- [WHAT TO PRODUCE]:
Take the lines below from the one with "date and mileage." through the one with "Six different clay–water" and print only them, exactly. Don't print the pictures.

- [STORED DATA]:
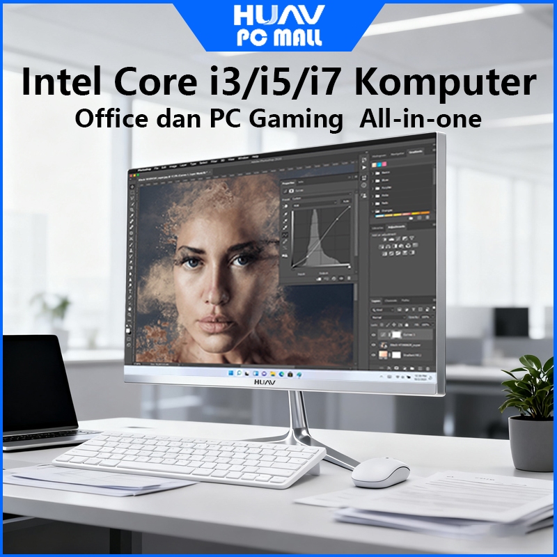 HUAV Komputer Full Set All-in-One PC Baru, Prosesor Core i3/i5/i7, RAM 16G, SSD 512G, Inci Pilihan, Untuk Rumah, Belajar, Kantor, gaming dan Hiburan, Konfigurasi tinggi,Gratis Mouse + Keyboard
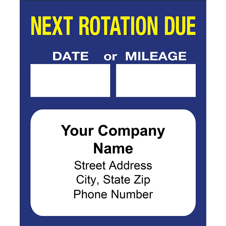 Completely "removable" sticker! Place these colorful service reminders on a vehicle's windshield, dash, doorjamb, or wherever they'll be seen the most! They're printed on a completely removable paper stock that peels away without leaving a sticky residue behind. Durable stickers feature your company imprint and easy-to-write-on boxes for recording the date and mileage.
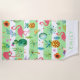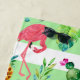 Tropical pattern with pink flamingos, tropical flowers and leafs, pineapple and more. Modern watercolors illustration with mint-green and white background layer.
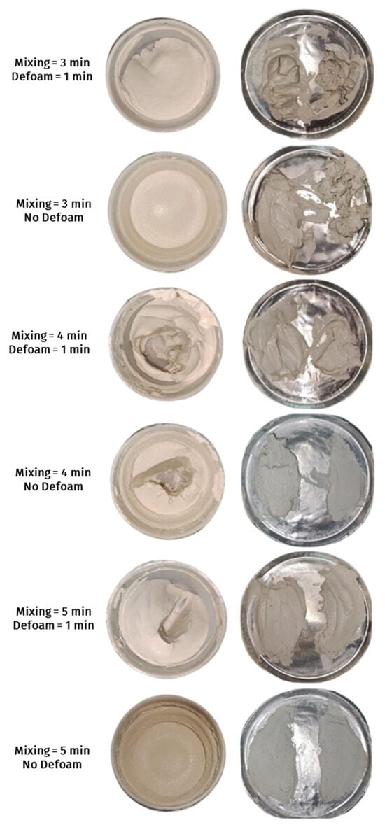 Six different clay–water mixtures were prepared and evaluated to determine the optimal mixing configuration. For each trial, 116 g of cosmetic-grade kaolin clay was combined with 84 g of distilled water, and the mixture was placed in a container with a 90 mm diameter. The variations in mixing conditions and their corresponding results are presented in Figure 5, offering a comparative overview of mixture performance.
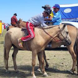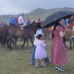 Bereits beim Frühstück standen wir mit unseren Wohnmobilen quasi mitten im Geschehen. Aus allen Ecken schwärmten die Menschen zum Festgelände herbei. Auf Pferden, zu Fuss, per Moped oder Auto. Immer eine grosse Staubwolke hinter sich herziehend. Naadam ist das grösste Fest für Mongolen. Das Volksfest und Nationalfeiertag dauert drei Tage und findet meistens vom 11.7. - 13.7. statt. Das Naadam Fest zelebriert die Nomadenkultur
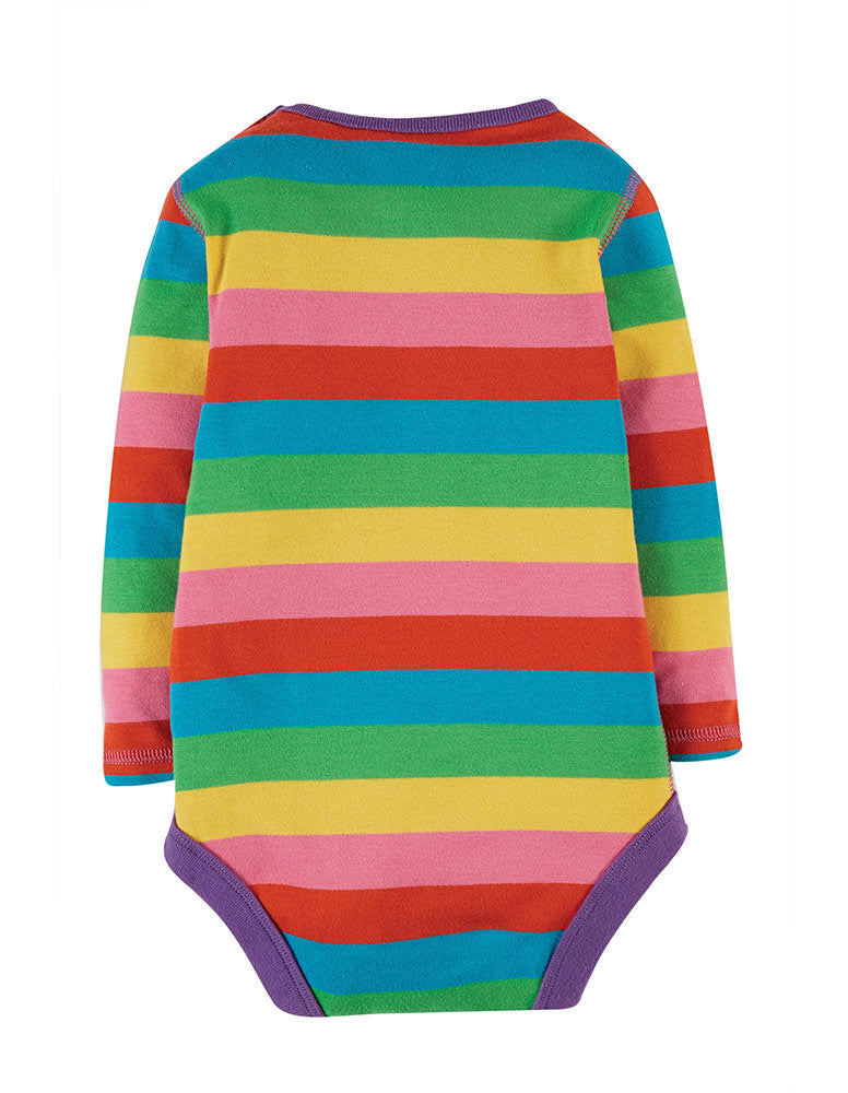 This Frugi Favourite Long Sleeve Body in Foxglove Rainbow Stripe is an organic cotton body suit for babies and children with a soft round neck and poppers at the shoulder in bright and colourful rainbow stripes and purple trim. This Frugi body can be warn on its own or as a layer in colder weather and looks great with comfy bottoms, dungarees, jeans and shorts from Babipur.
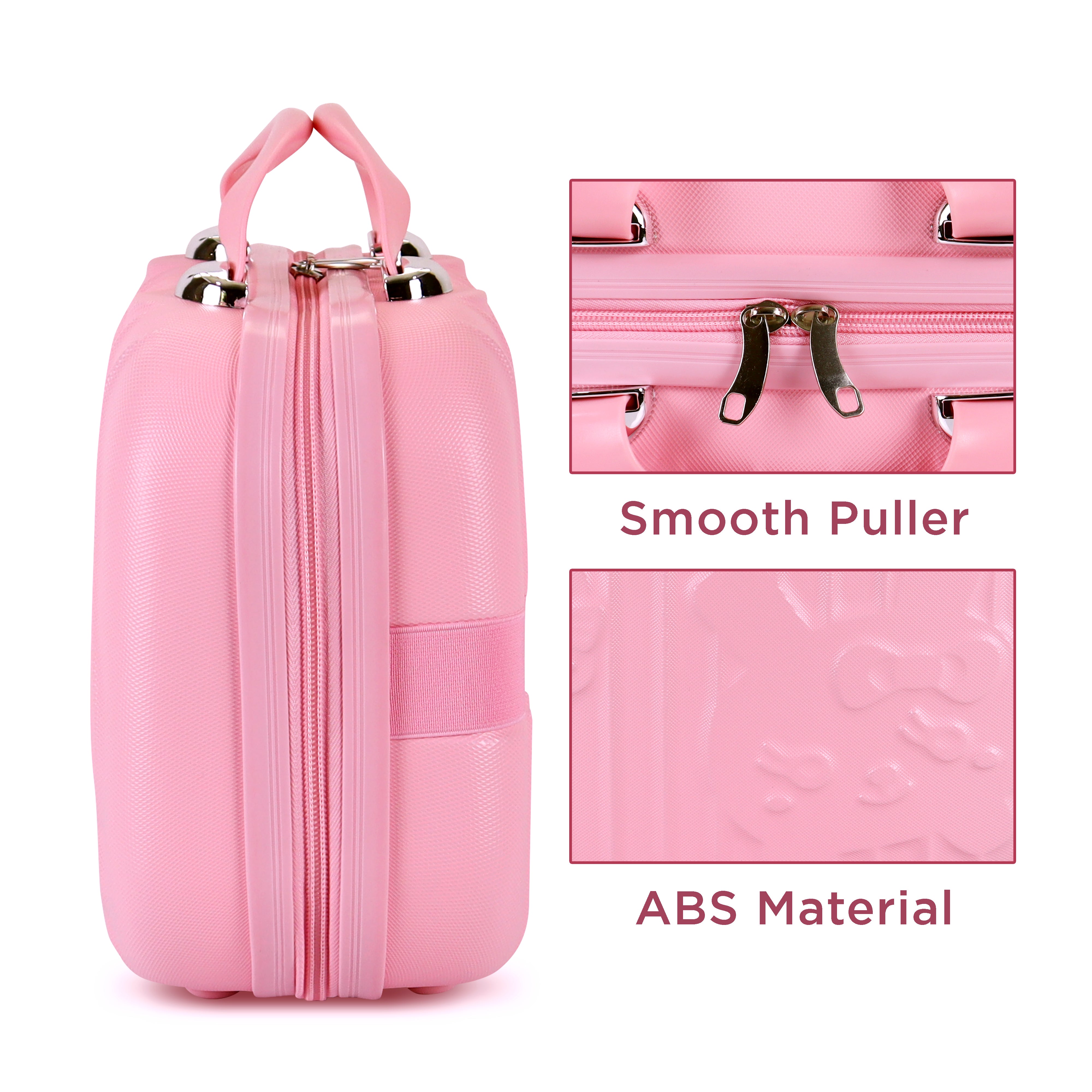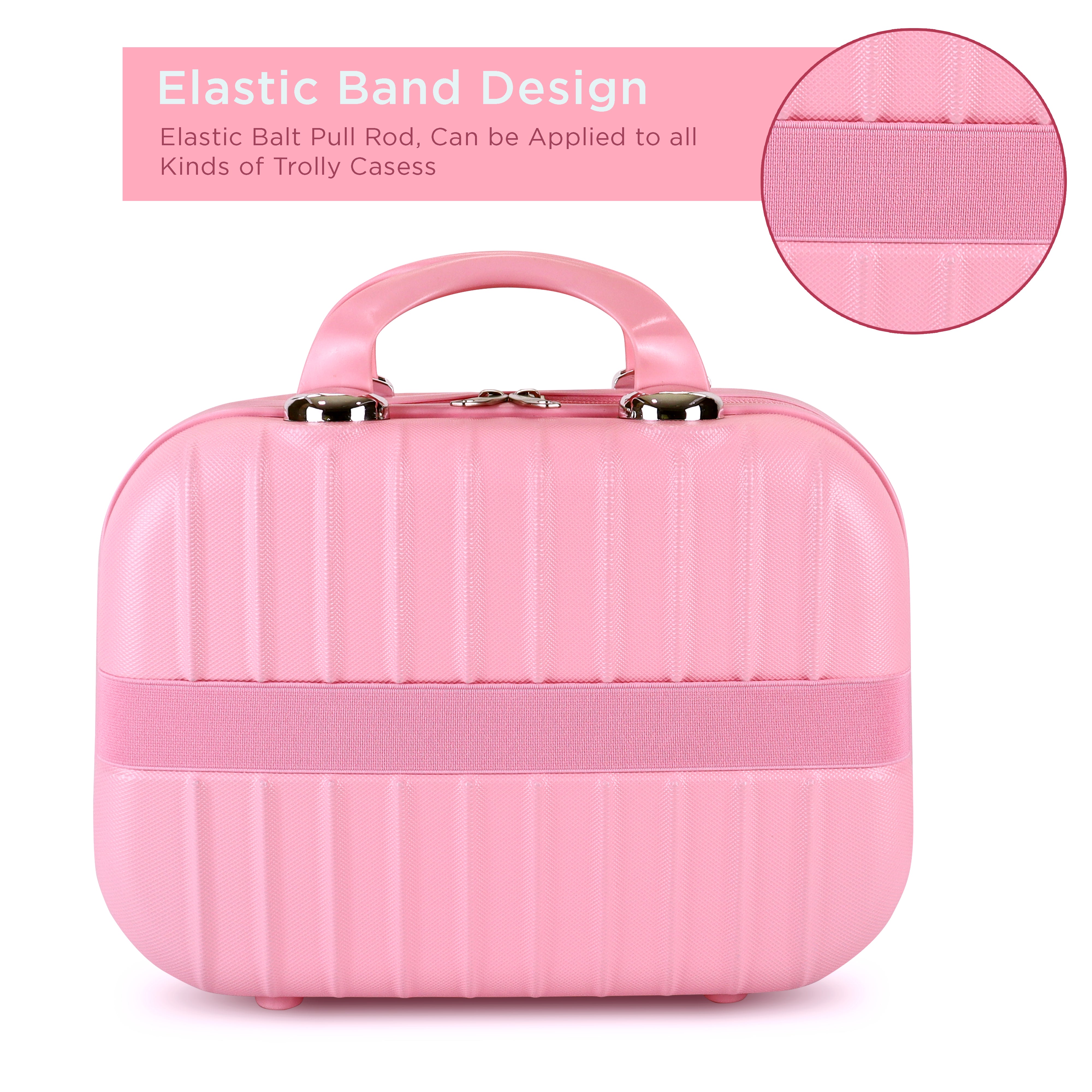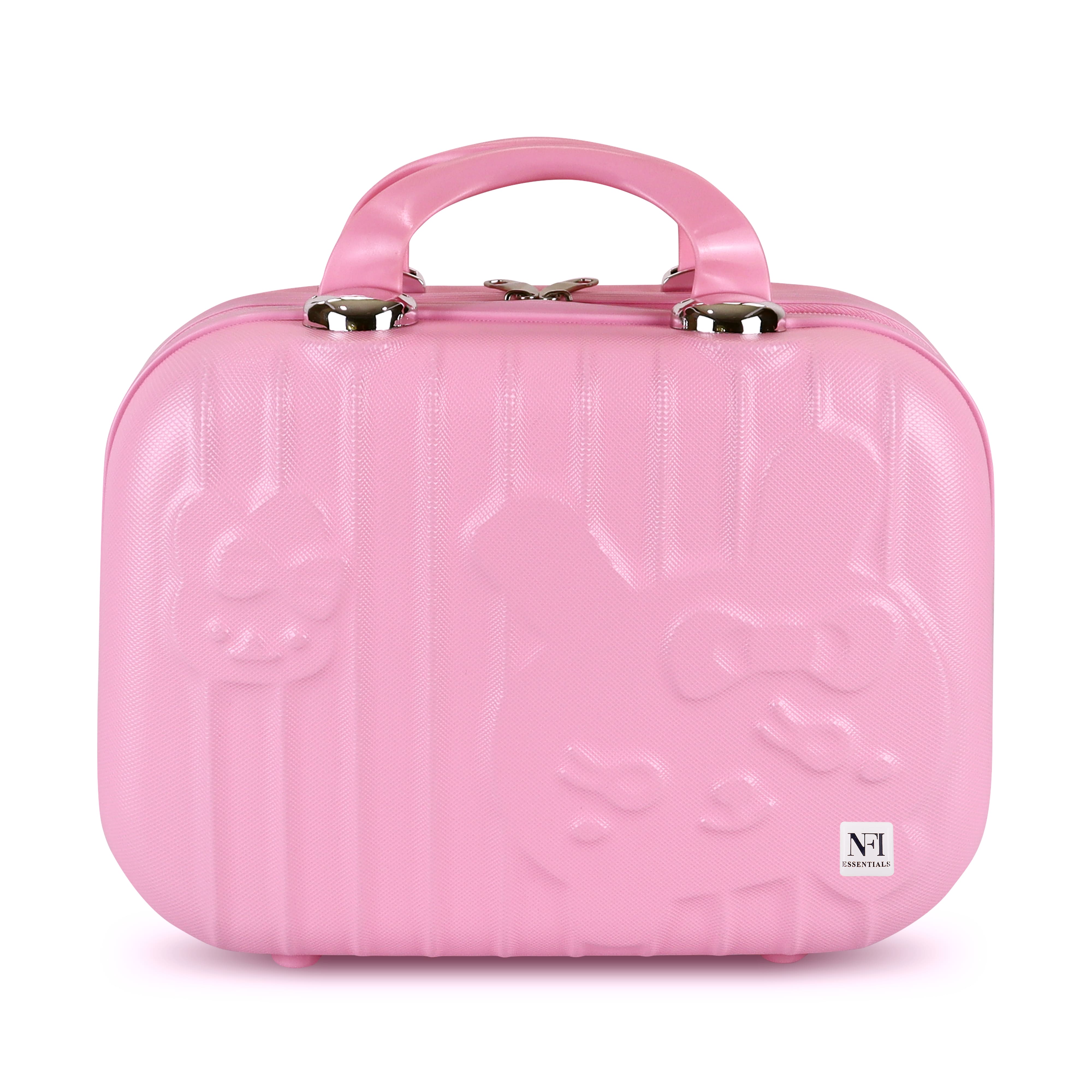 NFI Essentials ABS Hard Shell Vanity Cases for Women Travel Portable Carrying Cosmetic Case Suitcase Organizer Makeup Storage Box for Girls Toiletries Bag Pink
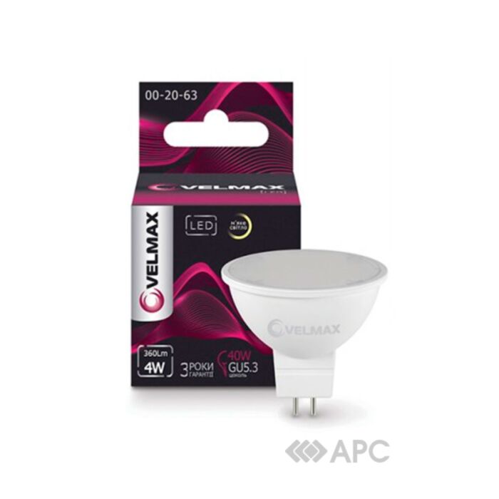 Лампа світлодіодна Velmax LED V-MR16 4W GU5.3 3000K 360Lm кут 120° в каталозі ARS

- [EXERCISE RESULT]:
 Completely "removable" sticker! Place these colorful service reminders on a vehicle's windshield, dash, doorjamb, or wherever they'll be seen the most! They're printed on a completely removable paper stock that peels away without leaving a sticky residue behind. Durable stickers feature your company imprint and easy-to-write-on boxes for recording the date and mileage.
 Tropical pattern with pink flamingos, tropical flowers and leafs, pineapple and more. Modern watercolors illustration with mint-green and white background layer.
 Six different clay–water mixtures were prepared and evaluated to determine the optimal mixing configuration. For each trial, 116 g of cosmetic-grade kaolin clay was combined with 84 g of distilled water, and the mixture was placed in a container with a 90 mm diameter. The variations in mixing conditions and their corresponding results are presented in Figure 5, offering a comparative overview of mixture performance.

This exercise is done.